Uma reviravolta de peso eleva a insanidade do longa, que então se mostra muito mais inteligente do que aparentava. Aliás, basta assistir novamente para perceber que tudo que parecia fraco, como os diálogos altamente expositivos, na verdade trabalham em função do choque daquele ponto de virada. O talento da obra é fingir ser menos do que realmente é, e grande parte do público cairá facilmente nesse conto.
No meio disso tudo, o filme realmente expande o passado de Esther, e a consagra como uma das psicopatas mais marcantes do cinema.

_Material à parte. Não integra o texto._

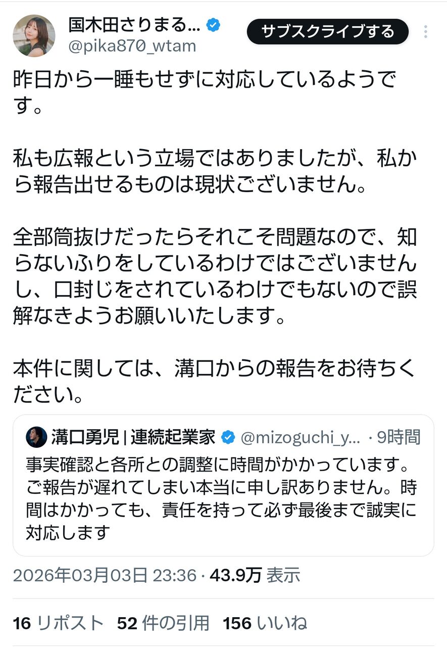 【悲報】サナエトークン溝口の広報「溝口は昨日から一睡もしていません」

Sem pesar a mão na jornada de amadurecimento, fica claro que a técnica da pequena assassina é bastante precária de início, e que seu golpe só foi lapidado após quebrar a cara na mão de gente muito pior que ela. O triunfo do filme é destruir a arrogância da menina da mesma forma que quebra a do público, que achava saber como tudo iria se desenrolar.
Ainda que não convença mais como garota de aproximadamente 12 anos, Isabelle Fuhrman demonstra o mesmo carisma e sagacidade do original, com uma maníaca tão charmosa que se torna até difícil não torcer para que seu golpe dê certo – especialmente quando sua situação se torna cada vez mais tensa.
Sua presença vem acompanhada de um elenco bastante sólido, com destaque para a excelente Julia Stiles, que enfim ganha a oportunidade de entregar uma performance que vai muito além da mãe empática e sofredora. Muito pelo contrário, sua personagem é praticamente a oposta da mãe vivida por Vera Farmiga no filme de 2009, e consegue ficar a altura da órfã quando se trata de segredos obscuros e comportamentos questionáveis.
Por mais que seja um prelúdio que ninguém pediu, é um alívio que Órfã 2: A Origem exista. É um pouco surpreendente como um projeto repleto de limitações consegue entregar algo tão satisfatório, original e surtado.
As surpresas, a tensão, os acenos à obras como Halloween e Psicose, e o retorno de Isabelle Fuhrman ao papel de Esther criam uma das mais gratas surpresas do ano – capaz até de deixar o mais cético cinéfilo, cansado das pataquadas mercenárias de Hollywood, secretamente desejando que essa saga vire trilogia, de alguma forma.
Órfã 2: A Origem já está em cartaz nos cinemas.